Внука Мирона Петровича в честь деда назвали Мирошей. Самая младшая в тагильцевском доме мужская душа. Росточка невысокого, чуть не последним на классной линейке стоял, а рукастый мальчишечка. За что схватится — не отпустит…
Взять к примеру озеленение. Мироша перед школой пять липок посадил. И все принялись. Другие по десять посадили, а не ухаживали. Вот и посохли. Или большой школьный аквариум взять. Для него Мироша два редких ерша поймал. Как сомята плавают. А кто классную доску заново черной краской выкрасил? Мироша. Да так хорошо, что за весь год ни одной, плешинки не появилось.
Разве не приятно это все Мироше? Конечно, приятно. И отцу радостно, что в его сыне с малых лет рождается великое чувство трудовой гордости.
Вот как-то и разговорилась три Тагильцева о трудовой гордости. В огороде это было. У бобовой гряды. А Мироша перед этим хороший кварц добыл. С золотой жилкой. Наверно, больше грамма в этой жиле золота было. Показывает Мироша этот кварц отцу с дедом, да и говорит:
— Седьмой самолучший камень для школьной коллекции выискал. Малахит там мой — зеленее зеленого. И яшма — как заря вечером. Изумруд нашел хоть и не первого сорта, а первее моего в школе нет. Теперь бы платиновый самородочен добыть! Хоть с комарика бы… Все равно бы из других школ бегали на самородок смотреть.

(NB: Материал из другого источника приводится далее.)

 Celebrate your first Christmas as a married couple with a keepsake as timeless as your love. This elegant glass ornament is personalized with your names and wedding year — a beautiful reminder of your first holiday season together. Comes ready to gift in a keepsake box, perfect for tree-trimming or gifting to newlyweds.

Говорит так маленький Тагильцев, а отец с него глаз не сводит. Радуется. Себя в нем узнает. И деду внука нахваливает:
— Вот и я, папаня, таким же рос. До сих пор горжусь батареей центрального отопления, которую я в учительской тринадцатилетним мальчишкой собственноручно установил. И как приду в школу, обязательно на свою батарею погляжу и украдкой поглажу ее теплые чугунные ребра. Хорошо! Как ты думаешь?

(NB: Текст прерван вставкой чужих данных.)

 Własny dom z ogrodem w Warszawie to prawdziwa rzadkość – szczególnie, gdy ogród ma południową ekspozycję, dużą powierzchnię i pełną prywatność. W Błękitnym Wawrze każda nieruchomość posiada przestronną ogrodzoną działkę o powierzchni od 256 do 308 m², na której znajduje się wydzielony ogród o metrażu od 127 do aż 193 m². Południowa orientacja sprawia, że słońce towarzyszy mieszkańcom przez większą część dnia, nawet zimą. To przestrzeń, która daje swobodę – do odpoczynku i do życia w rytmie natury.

А старик молчит. Ест бобы да щурится. Будто от солнышка. А солнышко давно уже за крышу соседнего сарая ушло.
— Или, может быть, что-то не так, отец? — спрашивает Василий Миронович у Мирона Петровича. — Может быть, по-твоему, сын зря своим кварцем гордится, своими ершами да липками, как, скажем, я своими домнами да мартеновскими печами?

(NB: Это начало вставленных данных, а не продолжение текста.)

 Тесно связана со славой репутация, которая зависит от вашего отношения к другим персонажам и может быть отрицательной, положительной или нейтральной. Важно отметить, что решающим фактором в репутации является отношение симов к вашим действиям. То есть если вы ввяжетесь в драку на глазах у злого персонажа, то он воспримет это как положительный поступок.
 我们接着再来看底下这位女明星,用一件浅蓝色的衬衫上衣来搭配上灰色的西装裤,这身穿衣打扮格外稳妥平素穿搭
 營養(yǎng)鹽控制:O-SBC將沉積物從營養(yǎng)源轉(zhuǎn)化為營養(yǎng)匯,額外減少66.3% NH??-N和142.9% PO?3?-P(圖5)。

— Да что ты у меня, Василий, спрашиваешь? — ответил старик. — Я ведь мало классов кончил. Только три. И книг не так чтобы много прочитал. И работа у меня… как бы сказать… безликая. Выплавишь сталь, сольешь ее в ковши — и прощай. Куда она пойдет, что из нее сделают — и не узнаешь. Может, части для центрального отопления или машину какую — никто не скажет. Как ты свою сталь узнаешь? То ли она в Мирошином поисковом молотке, которым он кварц из горы добыл, то ли гвоздиками стала в твоих сапогах, Неизвестно. Не то что твоя домна или твоя труба. Возвел ты ее чуть не до облаков, и все знают, что эта диковина Василием Мироновичем Тагильцевым кладена. И тебе есть чем гордиться. Есть от чего сердцу замирать. А мне — нечем. Нечем! — повторил старый Тагильцев и прищурился. В его карих глазах снова появилась знакомая сыну, знакомая внуку, знакомая всему заводу смешинка.
— Это верно, отец, — согласился Василий Миронович. — Сталь, как и кирпичи. Не узнаешь, где твое, где товарищево. И я как-то всегда болел за то, что ты не можешь сказать, что вот этот, скажем, твой паровоз бежит или этот путь твоими стальными рельсами пролег.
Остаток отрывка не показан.